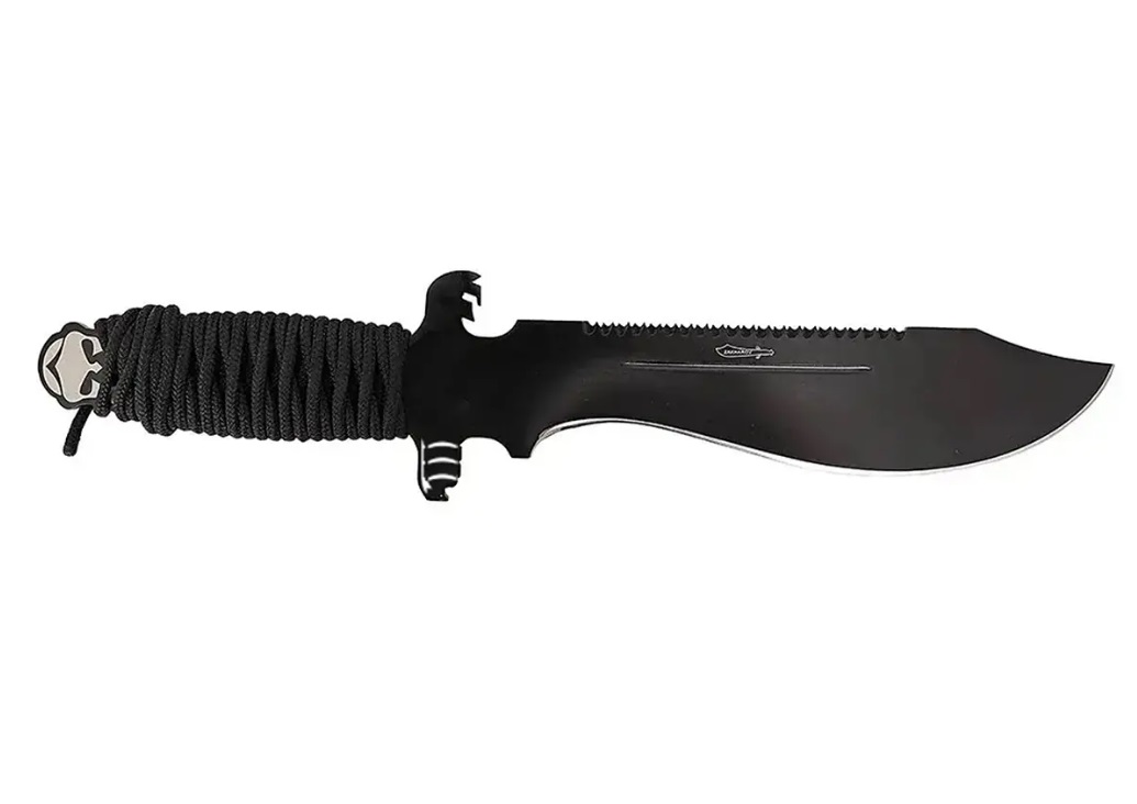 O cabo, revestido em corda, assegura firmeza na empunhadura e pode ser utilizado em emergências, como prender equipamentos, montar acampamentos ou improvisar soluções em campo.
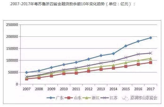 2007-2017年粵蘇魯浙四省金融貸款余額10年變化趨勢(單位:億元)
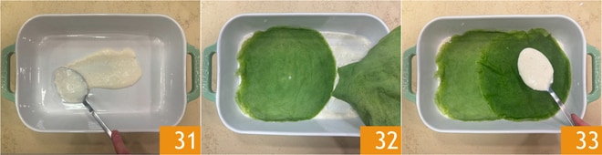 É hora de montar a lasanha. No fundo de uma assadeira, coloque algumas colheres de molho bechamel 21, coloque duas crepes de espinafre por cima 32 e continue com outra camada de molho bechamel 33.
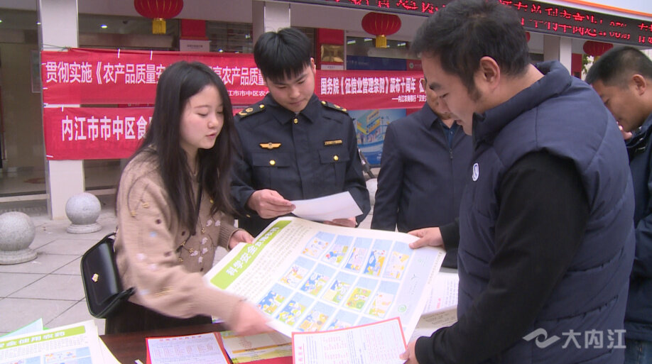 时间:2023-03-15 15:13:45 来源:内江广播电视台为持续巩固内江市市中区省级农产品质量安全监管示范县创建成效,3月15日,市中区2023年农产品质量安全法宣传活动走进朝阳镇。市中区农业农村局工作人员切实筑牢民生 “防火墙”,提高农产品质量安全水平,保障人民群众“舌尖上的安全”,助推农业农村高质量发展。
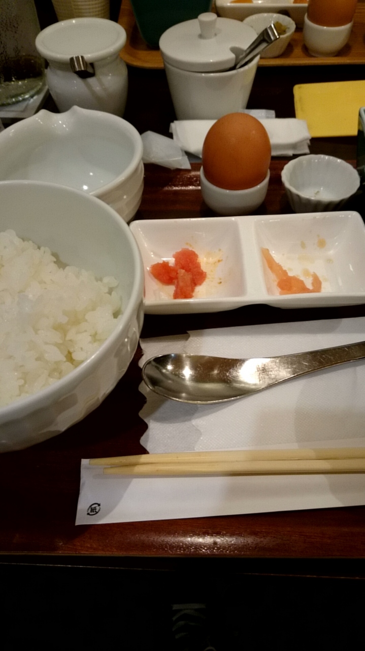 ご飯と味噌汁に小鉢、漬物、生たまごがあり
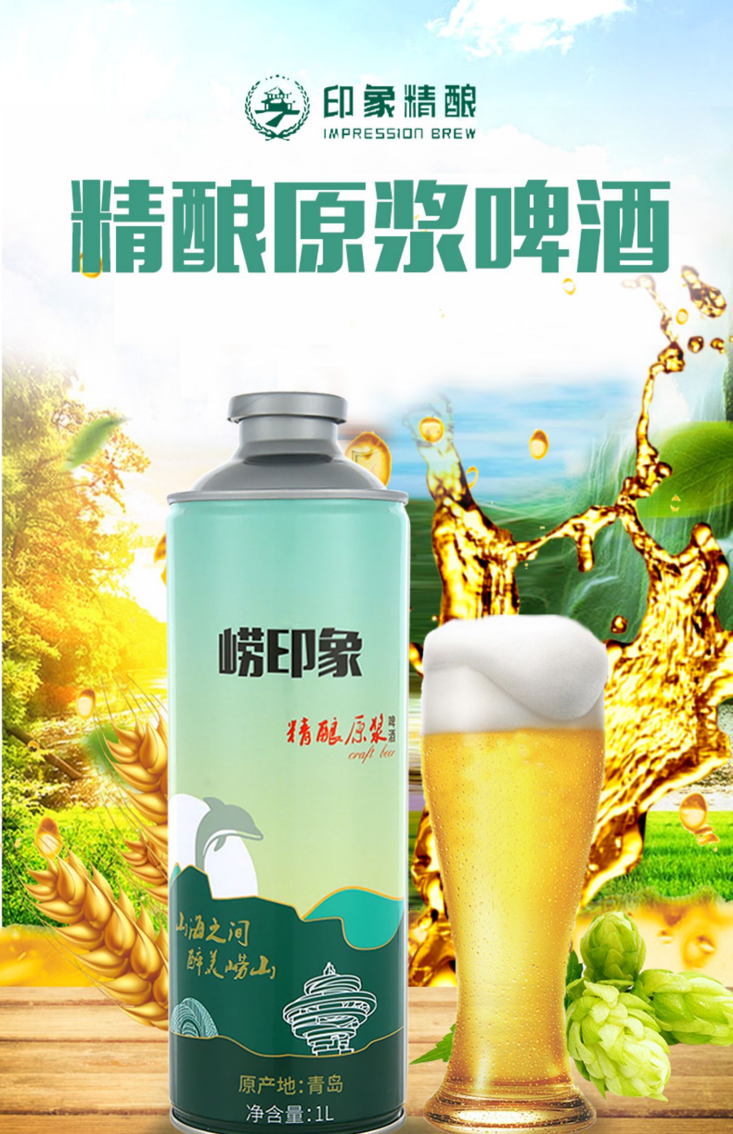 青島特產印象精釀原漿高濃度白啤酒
════
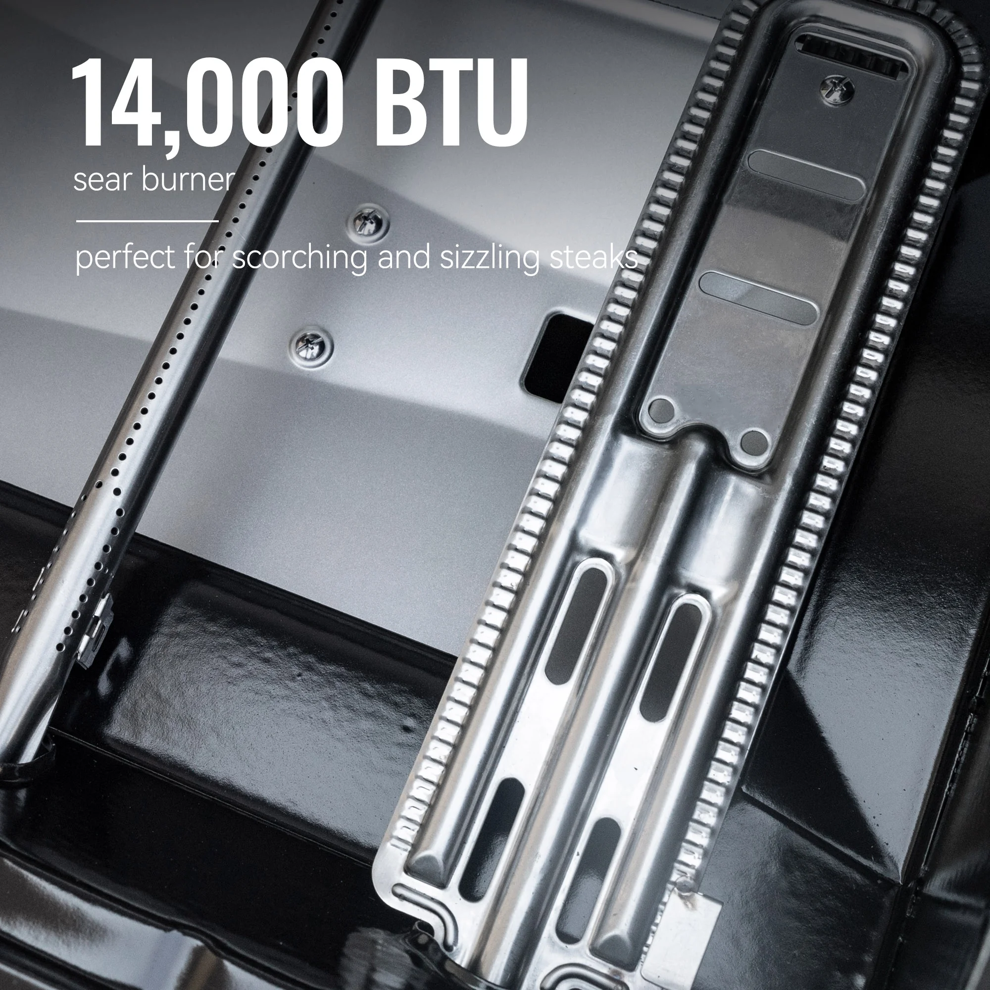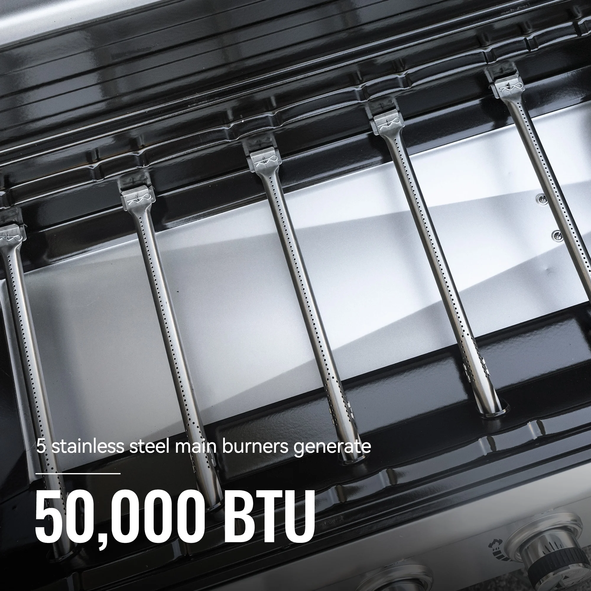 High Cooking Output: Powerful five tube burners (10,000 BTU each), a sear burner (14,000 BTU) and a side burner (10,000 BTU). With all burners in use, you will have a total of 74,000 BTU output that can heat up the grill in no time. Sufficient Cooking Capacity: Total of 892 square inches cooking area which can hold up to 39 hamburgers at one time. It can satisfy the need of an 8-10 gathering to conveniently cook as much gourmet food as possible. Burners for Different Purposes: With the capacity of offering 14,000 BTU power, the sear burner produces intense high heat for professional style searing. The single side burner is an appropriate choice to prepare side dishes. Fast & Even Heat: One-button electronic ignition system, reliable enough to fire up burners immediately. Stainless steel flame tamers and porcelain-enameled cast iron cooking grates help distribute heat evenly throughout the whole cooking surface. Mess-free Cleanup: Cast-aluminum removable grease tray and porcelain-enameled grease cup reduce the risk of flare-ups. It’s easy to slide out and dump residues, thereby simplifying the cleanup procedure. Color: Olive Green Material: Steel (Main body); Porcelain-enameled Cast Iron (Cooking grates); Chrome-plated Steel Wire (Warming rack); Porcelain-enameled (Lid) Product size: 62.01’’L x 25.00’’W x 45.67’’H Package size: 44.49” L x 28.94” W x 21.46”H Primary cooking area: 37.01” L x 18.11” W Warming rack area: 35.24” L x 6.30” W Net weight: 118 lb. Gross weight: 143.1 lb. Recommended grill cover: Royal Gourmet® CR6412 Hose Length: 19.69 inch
════
Action item
Exact copy, no pictures. Write out the lines in the entries above, starting with the line with "O cabo, revestido" and going on through the line with "2007-2017年粵蘇魯浙四省金融貸款余額10年變化趨勢(單位:億元)", keeping both.

Output of the task
 O cabo, revestido em corda, assegura firmeza na empunhadura e pode ser utilizado em emergências, como prender equipamentos, montar acampamentos ou improvisar soluções em campo.
 2007-2017年粵蘇魯浙四省金融貸款余額10年變化趨勢(單位:億元)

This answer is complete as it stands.